By using a digital repository on a specific area (arts, science, ecology,...) you have already stated your intention.

claus
04-07-2005, 06:51 PM
Okay, i might not have expressed my opinion clearly. Let's say there are two scenarios:

a) the user knows exactly what s/he is looking for
b) the user has some vague idea about the general direction but little more

And two types of collections:

1) A catalogue, DL, or otherwise specialised document collection
2) The general mess of the WWW

And, again, two types of interfaces:

I) A search box, in which the user can enter terms
II) An ordered, directory type, selection of documents by topic

Given that (1) and (2) both hold the answer to the problem at hand, i would say that for scenario (a), interface (I) is best, while for scenario (b) interface (II) is best.

If, on the other hand, the user is restricted to having interface type (I) only, then i would say that:

- collection (1) is more efficient with regard to scenario (b), but
- both collections might be equally efficiently searched in scenario (a)
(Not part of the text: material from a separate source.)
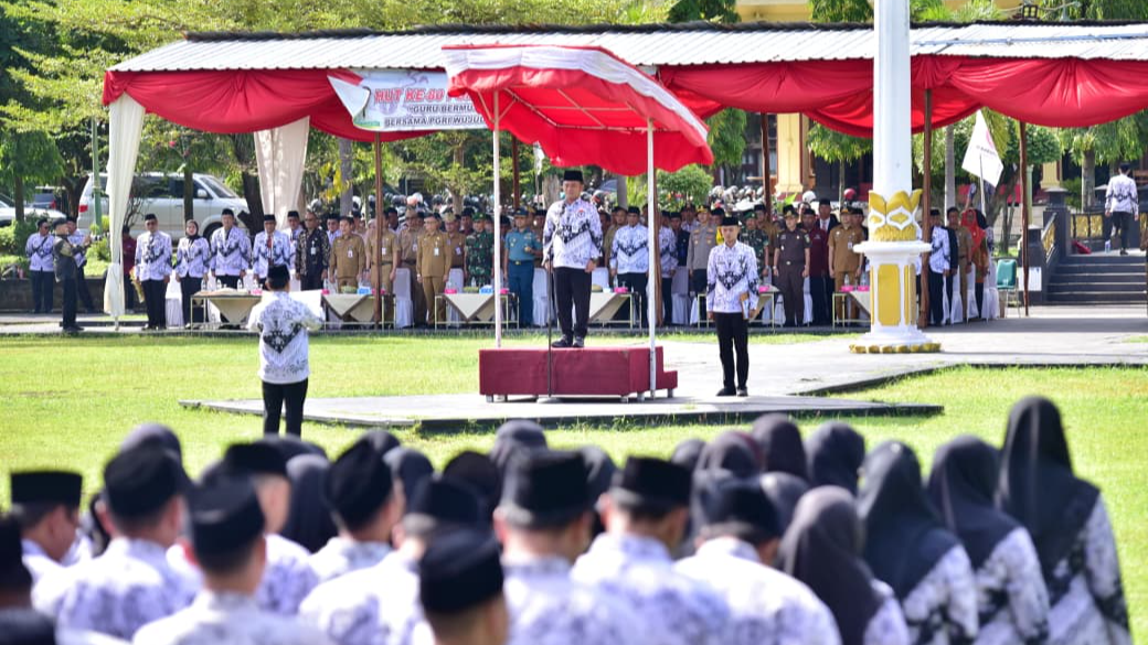 Slawi – Pemerintah Kabupaten Tegal menggelar Upacara Peringatan Hari Guru Nasional 2025 di Lapangan Pemda, Selasa (25/11/2025).

IOW, if we only consider search boxes as interface, i think you are right regarding problems that are not well defined beforehand. Enabling "drill-down" searching as in a directory, OTOH, offers some of the benefits of the DL in a web context.

(This, as an example of refining the data set in opposition to refining the query)

With a very well defined problem, eg. "What is the name of the president of the USA" the two collections might be able to provide the answer equally quick.

All IMHO, AFAIK, FWIW, of course.

claus
04-07-2005, 07:49 PM
I don't know if this adds any value to the debate or not, but in seeing things from the searchers viewpoint i couldn't help thinking about this:

Digital Libraries, information repositories, or whatchamacallit needs to be found by the searcher before a search can be initiated using them.

The WWW "is everywhere" - grab any browser window and you will easily locate a search box, a directory, or both. Locating the topic specific information collections is not easy, so this adds an extra search process before the search in the DL can actually take place.

And, of course some of them are also access restricted, which skews any comparison even more to the benefit of WWW search.